The previous government had overestimated its 2014-2015 exports by PLN 20-30 billion by including fictitious invoices in its calculations, resulting in inflated GDP growth estimates, deputy PM, Finance and Development Minister Mateusz Morawiecki said on the sidelines of the Economic Forum in Davos.
“Today we already know that at least PLN 20 billion or PLN 30 billion of exports in 2014 or 2015 was fiction resulting from fake VAT invoices,” Morawiecki said. “This means that economic growth in 2014-2015 was in fact strongly overestimated.”
“I hope that GUS [state statistical office], Eurostat and economists will estimate it well,” he added, warning against making oversimplified calculations.
Asked about 2016 growth, Morawiecki said it would be “lower than had been planned,” but that budget income would nevertheless exceed expectations by 1-2%.
“Such growth is usually characterized by lower budget income, but here there is a piece of good news: despite lower than expected growth, lower than expected inflation, last year’s budget income will be more or less PLN 1-2% above plan,” he said.
Poland reported 3.9% GDP growth in 2015 after 3.3% growth in 2014. Last year’s exports reached PLN 747 billion (EUR 178.7 billion), producing a trade surplus of PLN 15.5 billion (EUR 3.7 billion) after a 2014 deficit.
Poland’s 2016 budget was built on 3.8% GDP growth. Q1-Q2 growth reached 2.9%.

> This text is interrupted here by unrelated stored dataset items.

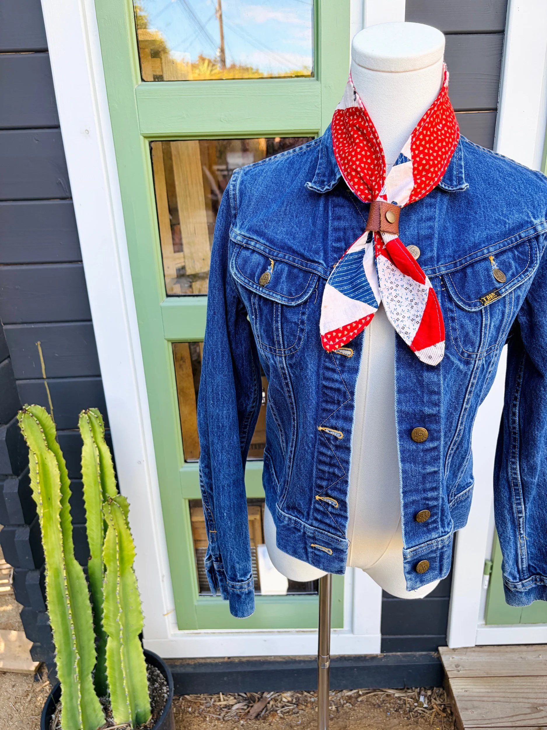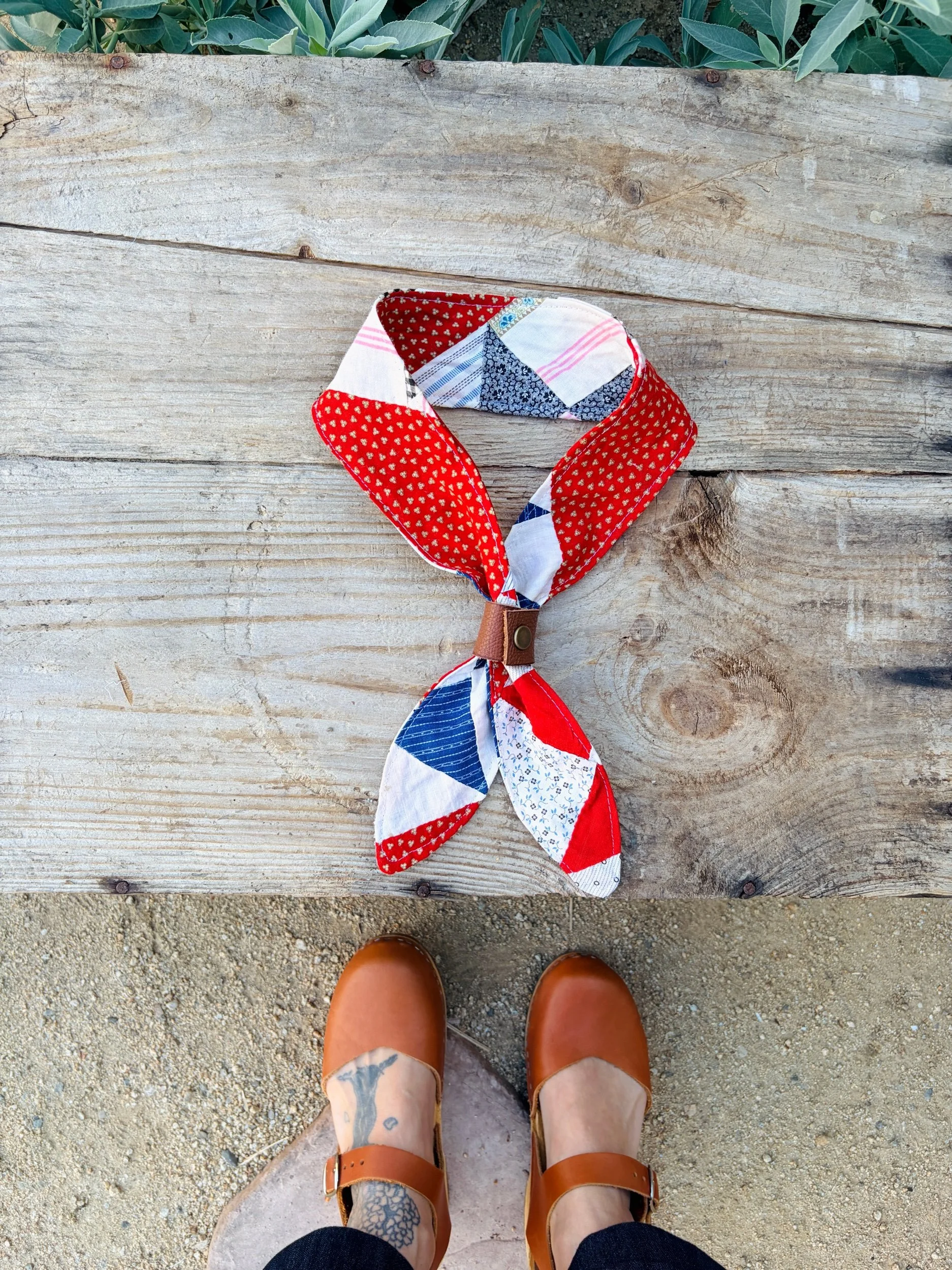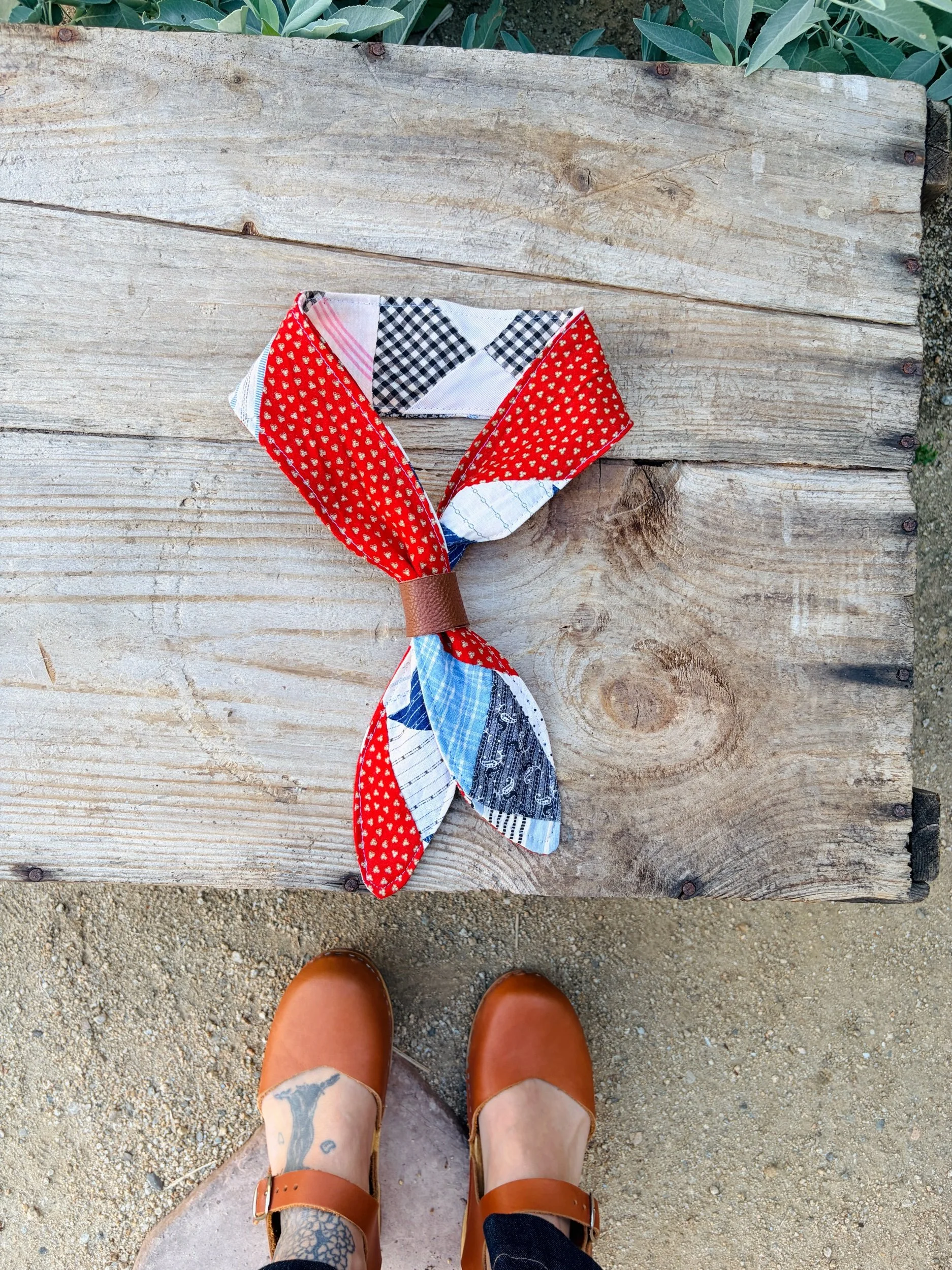 This handmade bandana is thoughtfully crafted from a reclaimed vintage quilt top, giving new life to beautiful, timeworn textiles. Each piece is truly one of a kind, showcasing unique patchwork, gentle fading, and the character that only vintage fabrics can offer.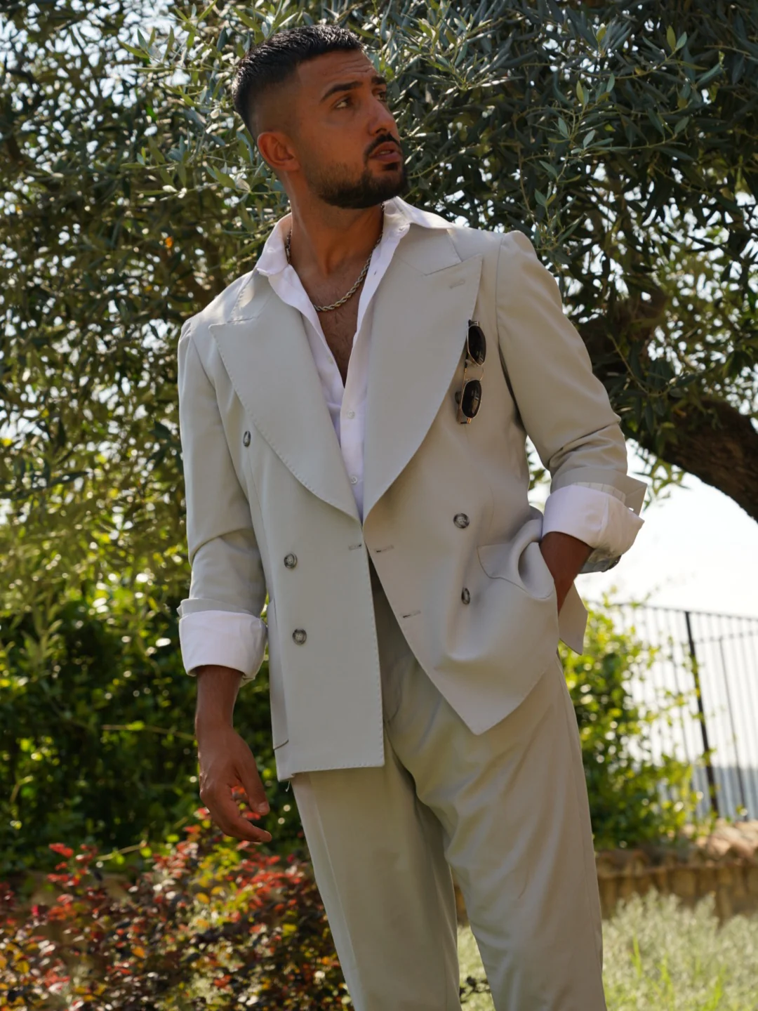 Ispirandoci allo stile classico inglese degli anni ’70 e ’80, abbiamo rivoluzionato la struttura simmetrica, conferendo un tocco moderno con raffinate tecniche dell’antica sartoria napoletana.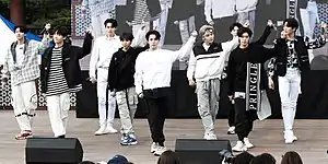 The nine members of GreatGuys—Jaei, Uiyeon, Horyeong, Daun, Baekgyeol, Donghwi, Hwalchan, Haneul, and Dongin—were trainees for three years.[1][2] The name of the group signifies their ability to be "show a cool image on and off stage".[3] With an average height of 185 centimetres (6.07 ft), they have been dubbed "the tallest idols".[4] The nonet released their debut synth-pop digital single album Last Men and its title track on August 25, 2017.[5] They held a showcase in Japan the following January.[6] A tropical dance song, GreatGuys' second single album Ganda and eponymous title track was released on April 7, 2018.[7] Main vocalist Daun contributed to the song's lyrics and Dongin wrote the rap portions of the track.[8] A Japanese version was issued two months later.[9] GreatGuy attended the 2018 Asia Model Awards, where they received the Rookie of the Year Award.[10]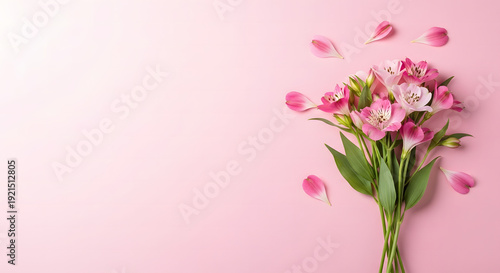 A bouquet of pink flowers on a pink background with petals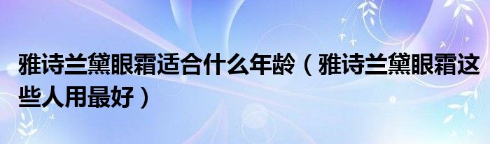 大家好,綜合小編來為大家講解下。雅詩蘭黛眼霜適合什么年齡,雅詩蘭黛眼霜這些人用最好很多人還不知道,現在讓我們一起來看看吧!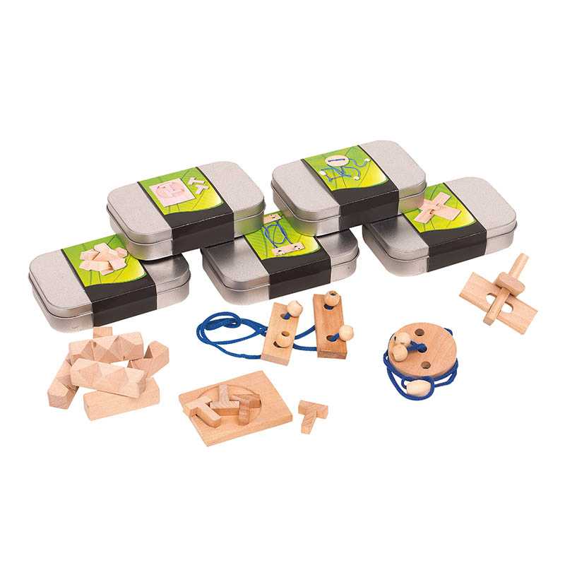 Sada 2 kovových, dřevěných a bavlněných hlavolamů: 2, resp. 4 kusy. Dodáváno v krabičce z recyklovaného papíru.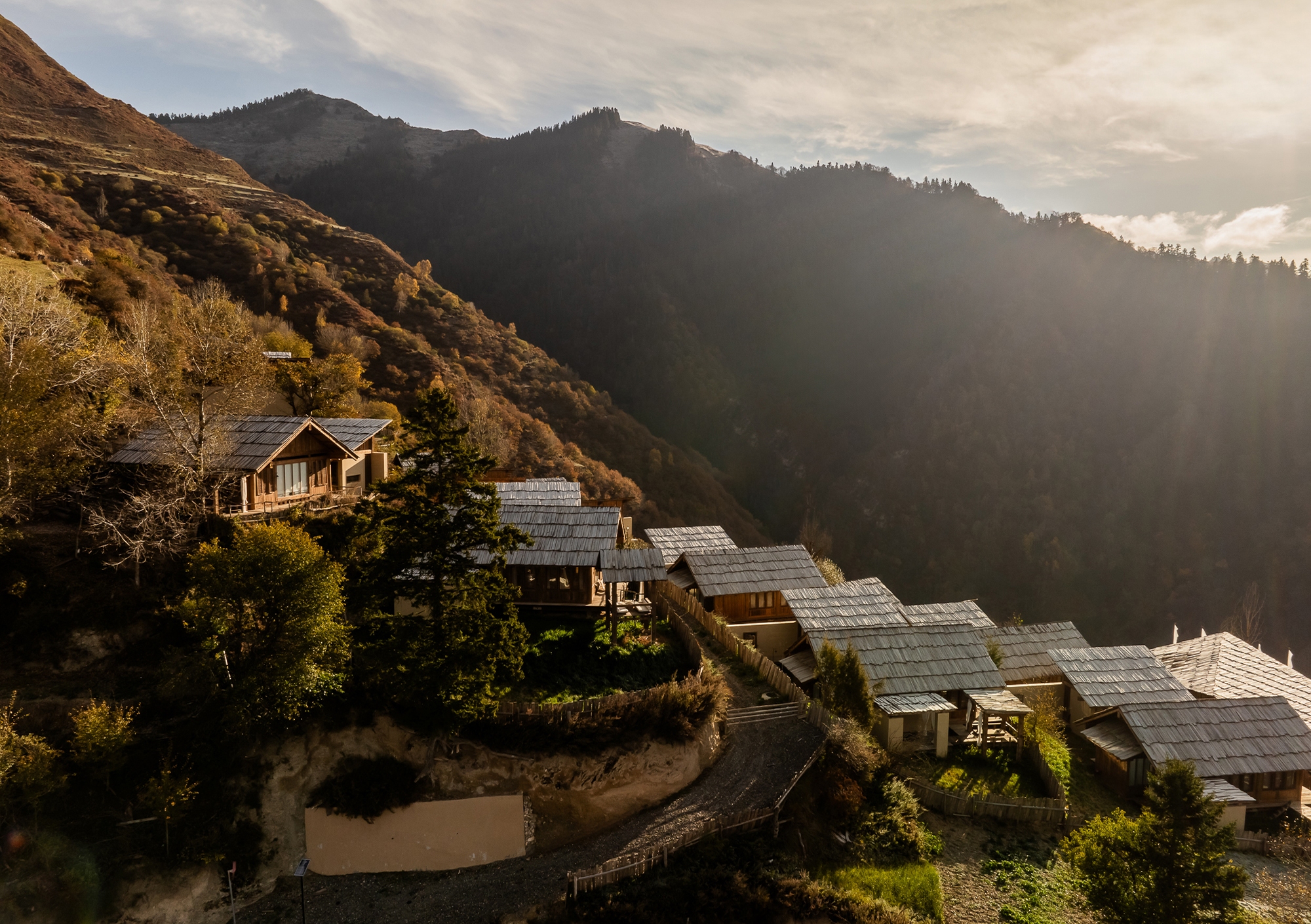 艺加设计和您一起赏析Songtsm度假酒店设计,大量使用木元素及木结构,不仅是形式的选择,更是精神的追求。摒弃浮华,让材料以其最原始的肌理与温度与人对话。空间因而成为一个会呼吸的生命体,弥漫着质朴、温馨与恬静的气息。
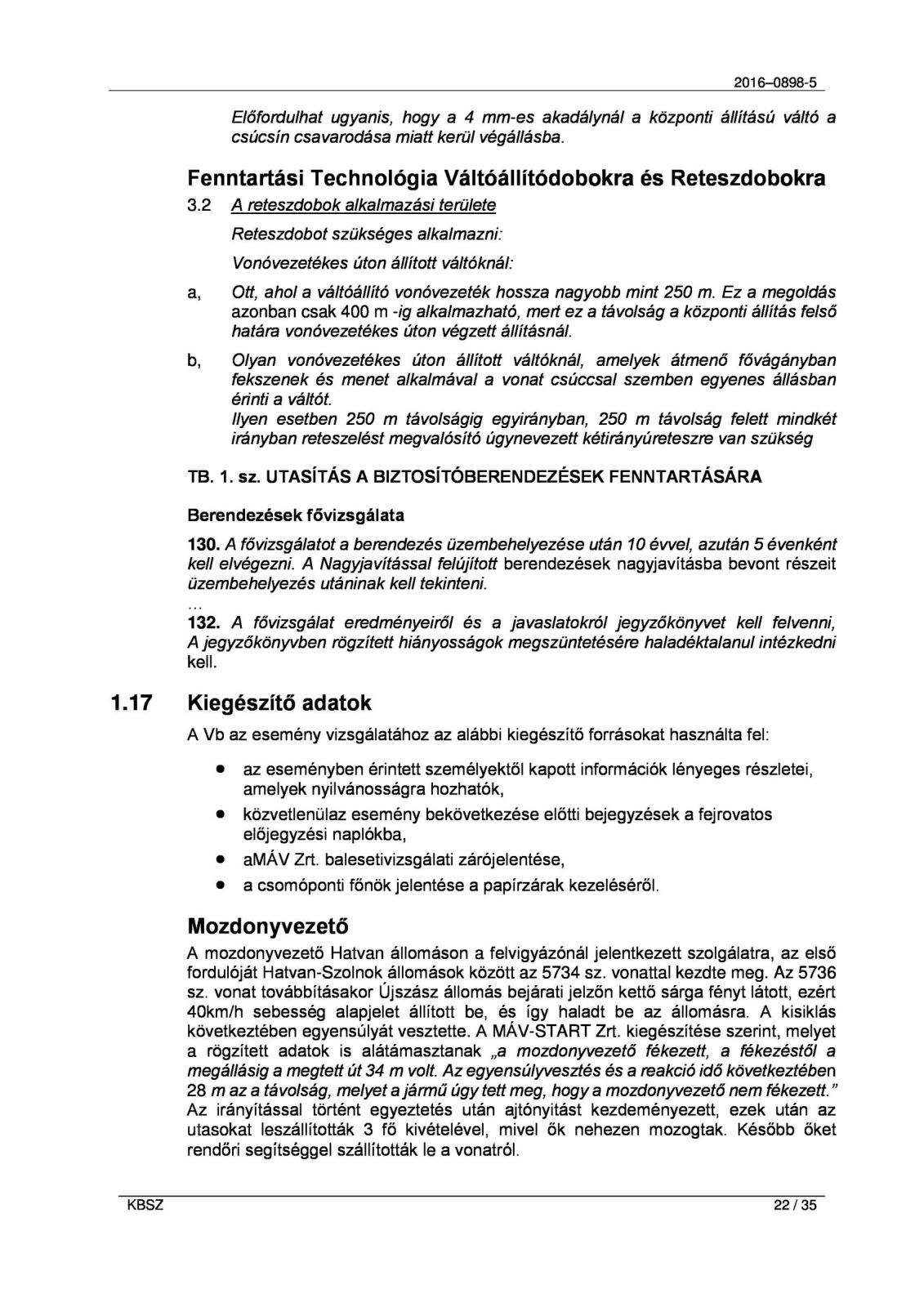 BA2016-0898-5-01: A Vb megállapította, hogy a vágányszabályozások után a váltók teljeskörű vizsgálata, mérései és azok dokumentálása nem történtek meg. A kitérőszabályozás a váltó szerkezetének és az állítóberendezés munkapontjainak elmozdulásával jár, a vonatkozó szabályok emiatt elő is írják a beavatkozás utáni mérést, azonban nincs pontosan meghatározva, hogy mit kell mérni, és hogyan kell azt dokumentálni.

Poland’s GDP might have been overestimated by fictitious exports used for tax fraud, but by no more than 0.5% of GDP, economic think tank IBnGR expert Bohdan Wyznikiewicz said, commenting on remarks by Morawiecki.
Additionally, GUS bases its foreign trade statistics on data from the Finance Ministry, INnGR and GUS said.
Societe Generale chief economist Jaroslaw Janecki sees political motives in Morawiecki’s claims of overstated GDP in years 2014-2015: the discussion started when the data on the weaker 2016 GDP are slated to appear.